**Available data**
--- START ---

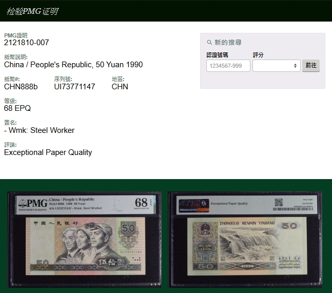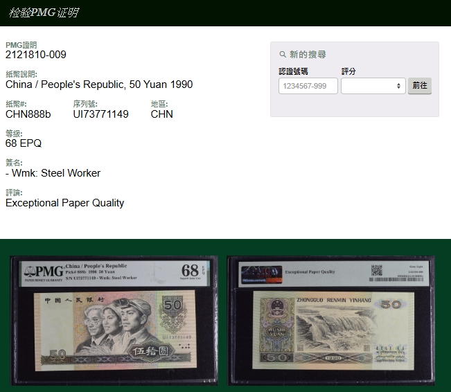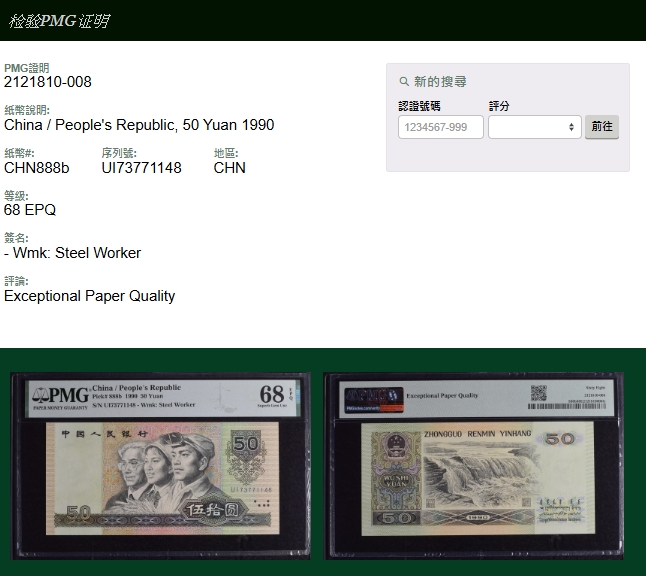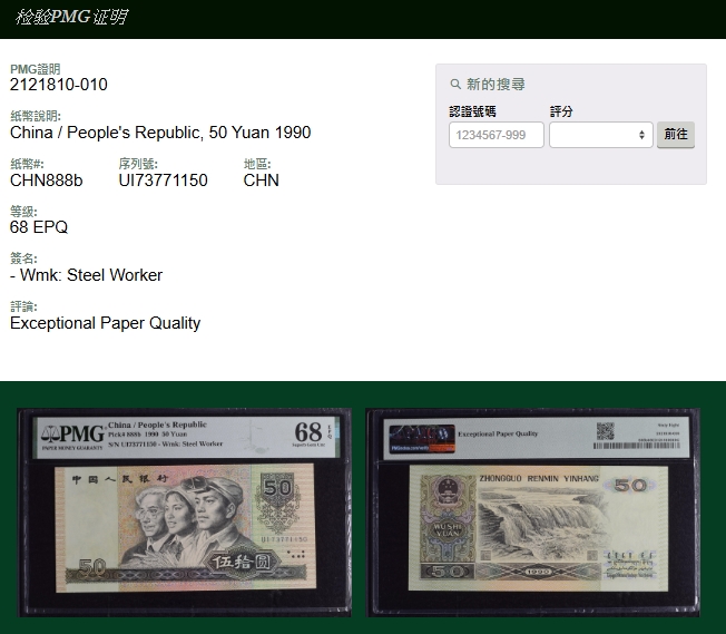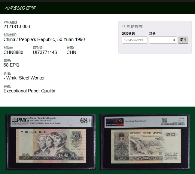 紙鈔分類 中國紙鈔清代~紙幣/股票/債券(8310-8323)『楊展孝』收藏~中央銀行銀元兑換券(8324-8380)民國~中央銀行紙幣(8381-8424)民國~中國銀行(8425-8448)民國~交通銀行(8449-8459)民國~中國農民銀行(8460-8462)民國~各省銀行券(8463-8491)民國~軍用鈔票(8492-8504)民國~地方券/錢莊票(8505-8510)民國~偽政權紙幣(8511-8519)民國金融票證~債券/股票(8520-8543)臺灣銀行~日治時期(8544-8552)臺灣銀行~老台幣(8553-8577)臺灣銀行~新台幣(8578-8679)臺灣銀行~限金門/限馬祖通用(8680-8694)臺灣銀行~限大陳島通用(8695-8696)臺灣/中央銀行~趣味號(8697-8706)中央銀行~三連鈔(8707-8709)臺灣各式金融票證(8710-8715)日本『山崎 修之亮』收藏~中國及外國紙幣(8716-8738)新中國紙幣解放區時期紙幣/債券(8739-8740)中國人民銀行~各版人民幣/外匯券/金融票證(8741-8759)世界各國紙幣日本紙幣(8760-8773)世界各國紙幣(A~Z)(8774-8783) 中國紙鈔 ↳清代~紙幣/股票/債券(8310-8323) ↳『楊展孝』收藏~中央銀行銀元兑換券(8324-8380) ↳民國~中央銀行紙幣(8381-8424) ↳民國~中國銀行(8425-8448) ↳民國~交通銀行(8449-8459) ↳民國~中國農民銀行(8460-8462) ↳民國~各省銀行券(8463-8491) ↳民國~軍用鈔票(8492-8504) ↳民國~地方券/錢莊票(8505-8510) ↳民國~偽政權紙幣(8511-8519) ↳民國金融票證~債券/股票(8520-8543) ↳臺灣銀行~日治時期(8544-8552) ↳臺灣銀行~老台幣(8553-8577) ↳臺灣銀行~新台幣(8578-8679) ↳臺灣銀行~限金門/限馬祖通用(8680-8694) ↳臺灣銀行~限大陳島通用(8695-8696) ↳臺灣/中央銀行~趣味號(8697-8706) ↳中央銀行~三連鈔(8707-8709) ↳臺灣各式金融票證(8710-8715) ↳日本『山崎 修之亮』收藏~中國及外國紙幣(8716-8738)新中國紙幣 ↳解放區時期紙幣/債券(8739-8740) ↳中國人民銀行~各版人民幣/外匯券/金融票證(8741-8759)世界各國紙幣 ↳日本紙幣(8760-8773) ↳世界各國紙幣(A~Z)(8774-8783) 點大圖放大展示,點小圖切換 中國人民銀行四版人民幣1990年50元士.農.工人物頭像,連號5枚,均評級:PMG Superb Gem Unc 68 EPQ(Page 90) 結標時間 2025-12-16 14:10:20 拍品編號:8752 起拍價:NT$10000 當前價:NT$10000 自動出價 直接出價 出價 系統將按出價級數,依序為您比(出)價至上限金額 提醒您:直接出價後不可將金額改低,只能改高,蟠龍無法降低您的出價,最高出價者無法取消出價 (查看出價說明) 得標說明:需按得標價另加10%佣金 當前加價幅度:NT$0元 (查看加價級數表) 回上頁 線上出價記錄 線上 0 人次,書面 0 人次 競價客戶 所在地 出價時間 出價金額 出價方式 問與答 目前尚無提問 我要提問 請先登入會員
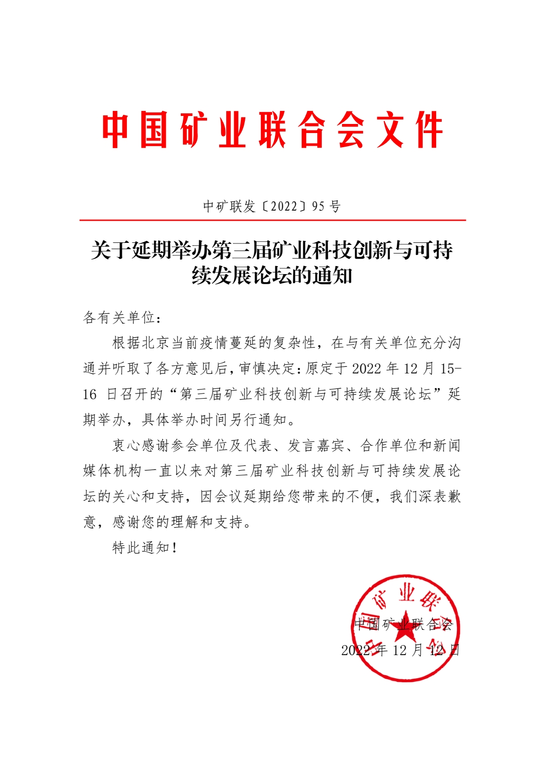 關於延期舉辦第三屆礦業科技創新與可持續發展論壇的通知_米兰竞技足球俱乐部官网_米兰体育官方网页 中國國際礦業大會
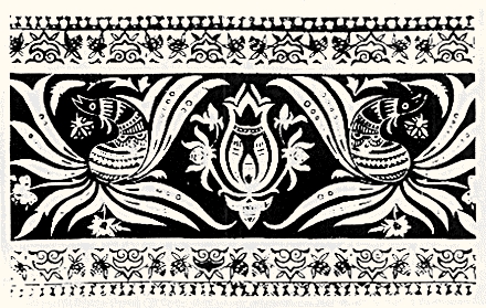 宋元两代的凤纹,同样具有各自的特点。自唐代以后,中国瓷器工艺的发达,使凤纹获得了更加广阔的发展天地。宋元两代凤鸟装饰纹样,都可以从瓷器上找到许多优秀作例。如宋代江西吉州窑凤菊纹瓷枕,元代的各凤纹罐和青花凤首壶,「凤喜牡丹」执壶纹样等(插图三四、三五、三六),都极为典型。宋代的凤纹,喜用柔和的线条,显示怡然自得的情调。宋代装饰艺术在观念形态上偏重寓意,凤鸟纹样便也多吉庆如意的民俗思想愿望和气息。如政和年间的「凤穿牡丹」图案(插图三七、三八)已渐渐地成为程式化的表现方式。
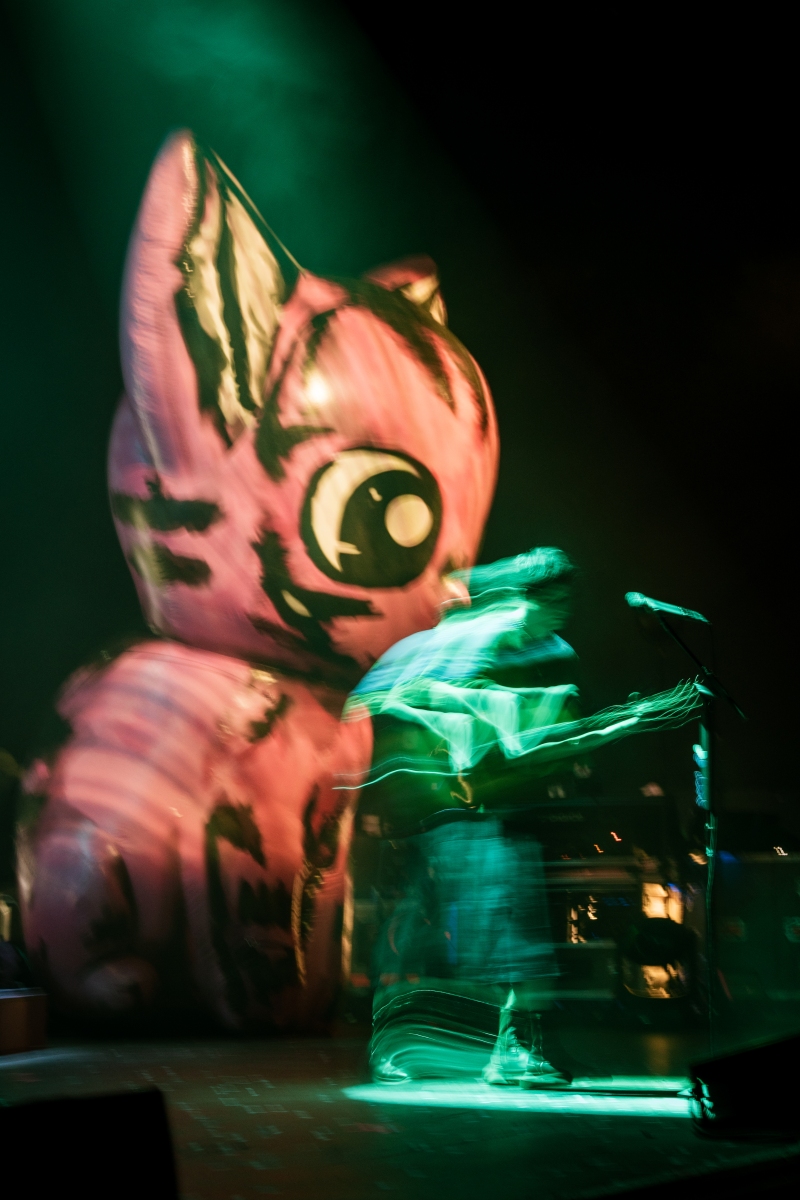 The first thing I’d like to mention is the stage setup. After ericdoa’s set, the crew brought out a gigantic inflatable cat. The crowd made so many comments about the cat, but the funniest was when an audience member shouted, “I would die for you, smile cat!” The set design was impressive, featuring a giant billboard with another screen behind it displaying a cityscape. It felt immersive, and the visuals were perfectly paired with each song. Many of the visuals highlighted song lyrics pulled from Google searches, fan posts, and articles about Porter Robinson, and even displayed the chords playing at that exact moment. Some visuals early in the night had a nostalgic, mid-2000s YouTube lyric video vibe, making me both giggle and reminisce. Seeing glittery, Myspace-esque text on a giant billboard next to an inflatable cat was a surreal moment. I love singalongs, so having the lyrics on screen made it easier to join in—though it’s probably the reason I lost my voice afterward.
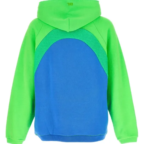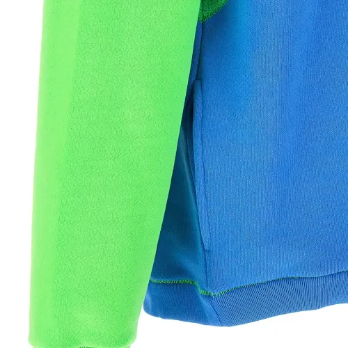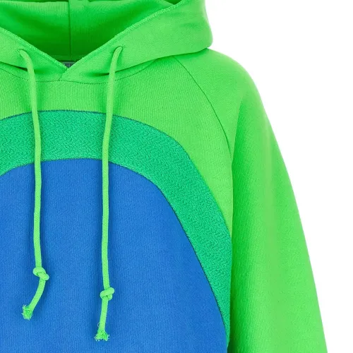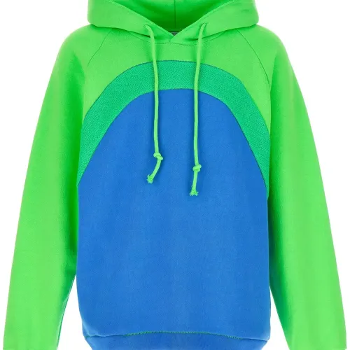 Неоново-зеленый, синий, хлопок, логотип на капюшоне, узор с разноцветными полосками, затягивающийся на шнурок капюшон, длинные рукава и прямой подол.

--- END ---

**Task item**
Restate the data above verbatim, skipping every image.

**Exercise response**
 紙鈔分類 中國紙鈔清代~紙幣/股票/債券(8310-8323)『楊展孝』收藏~中央銀行銀元兑換券(8324-8380)民國~中央銀行紙幣(8381-8424)民國~中國銀行(8425-8448)民國~交通銀行(8449-8459)民國~中國農民銀行(8460-8462)民國~各省銀行券(8463-8491)民國~軍用鈔票(8492-8504)民國~地方券/錢莊票(8505-8510)民國~偽政權紙幣(8511-8519)民國金融票證~債券/股票(8520-8543)臺灣銀行~日治時期(8544-8552)臺灣銀行~老台幣(8553-8577)臺灣銀行~新台幣(8578-8679)臺灣銀行~限金門/限馬祖通用(8680-8694)臺灣銀行~限大陳島通用(8695-8696)臺灣/中央銀行~趣味號(8697-8706)中央銀行~三連鈔(8707-8709)臺灣各式金融票證(8710-8715)日本『山崎 修之亮』收藏~中國及外國紙幣(8716-8738)新中國紙幣解放區時期紙幣/債券(8739-8740)中國人民銀行~各版人民幣/外匯券/金融票證(8741-8759)世界各國紙幣日本紙幣(8760-8773)世界各國紙幣(A~Z)(8774-8783) 中國紙鈔 ↳清代~紙幣/股票/債券(8310-8323) ↳『楊展孝』收藏~中央銀行銀元兑換券(8324-8380) ↳民國~中央銀行紙幣(8381-8424) ↳民國~中國銀行(8425-8448) ↳民國~交通銀行(8449-8459) ↳民國~中國農民銀行(8460-8462) ↳民國~各省銀行券(8463-8491) ↳民國~軍用鈔票(8492-8504) ↳民國~地方券/錢莊票(8505-8510) ↳民國~偽政權紙幣(8511-8519) ↳民國金融票證~債券/股票(8520-8543) ↳臺灣銀行~日治時期(8544-8552) ↳臺灣銀行~老台幣(8553-8577) ↳臺灣銀行~新台幣(8578-8679) ↳臺灣銀行~限金門/限馬祖通用(8680-8694) ↳臺灣銀行~限大陳島通用(8695-8696) ↳臺灣/中央銀行~趣味號(8697-8706) ↳中央銀行~三連鈔(8707-8709) ↳臺灣各式金融票證(8710-8715) ↳日本『山崎 修之亮』收藏~中國及外國紙幣(8716-8738)新中國紙幣 ↳解放區時期紙幣/債券(8739-8740) ↳中國人民銀行~各版人民幣/外匯券/金融票證(8741-8759)世界各國紙幣 ↳日本紙幣(8760-8773) ↳世界各國紙幣(A~Z)(8774-8783) 點大圖放大展示,點小圖切換 中國人民銀行四版人民幣1990年50元士.農.工人物頭像,連號5枚,均評級:PMG Superb Gem Unc 68 EPQ(Page 90) 結標時間 2025-12-16 14:10:20 拍品編號:8752 起拍價:NT$10000 當前價:NT$10000 自動出價 直接出價 出價 系統將按出價級數,依序為您比(出)價至上限金額 提醒您:直接出價後不可將金額改低,只能改高,蟠龍無法降低您的出價,最高出價者無法取消出價 (查看出價說明) 得標說明:需按得標價另加10%佣金 當前加價幅度:NT$0元 (查看加價級數表) 回上頁 線上出價記錄 線上 0 人次,書面 0 人次 競價客戶 所在地 出價時間 出價金額 出價方式 問與答 目前尚無提問 我要提問 請先登入會員
 關於延期舉辦第三屆礦業科技創新與可持續發展論壇的通知_米兰竞技足球俱乐部官网_米兰体育官方网页 中國國際礦業大會
 宋元两代的凤纹,同样具有各自的特点。自唐代以后,中国瓷器工艺的发达,使凤纹获得了更加广阔的发展天地。宋元两代凤鸟装饰纹样,都可以从瓷器上找到许多优秀作例。如宋代江西吉州窑凤菊纹瓷枕,元代的各凤纹罐和青花凤首壶,「凤喜牡丹」执壶纹样等(插图三四、三五、三六),都极为典型。宋代的凤纹,喜用柔和的线条,显示怡然自得的情调。宋代装饰艺术在观念形态上偏重寓意,凤鸟纹样便也多吉庆如意的民俗思想愿望和气息。如政和年间的「凤穿牡丹」图案(插图三七、三八)已渐渐地成为程式化的表现方式。
 The first thing I’d like to mention is the stage setup. After ericdoa’s set, the crew brought out a gigantic inflatable cat. The crowd made so many comments about the cat, but the funniest was when an audience member shouted, “I would die for you, smile cat!” The set design was impressive, featuring a giant billboard with another screen behind it displaying a cityscape. It felt immersive, and the visuals were perfectly paired with each song. Many of the visuals highlighted song lyrics pulled from Google searches, fan posts, and articles about Porter Robinson, and even displayed the chords playing at that exact moment. Some visuals early in the night had a nostalgic, mid-2000s YouTube lyric video vibe, making me both giggle and reminisce. Seeing glittery, Myspace-esque text on a giant billboard next to an inflatable cat was a surreal moment. I love singalongs, so having the lyrics on screen made it easier to join in—though it’s probably the reason I lost my voice afterward.
 Неоново-зеленый, синий, хлопок, логотип на капюшоне, узор с разноцветными полосками, затягивающийся на шнурок капюшон, длинные рукава и прямой подол.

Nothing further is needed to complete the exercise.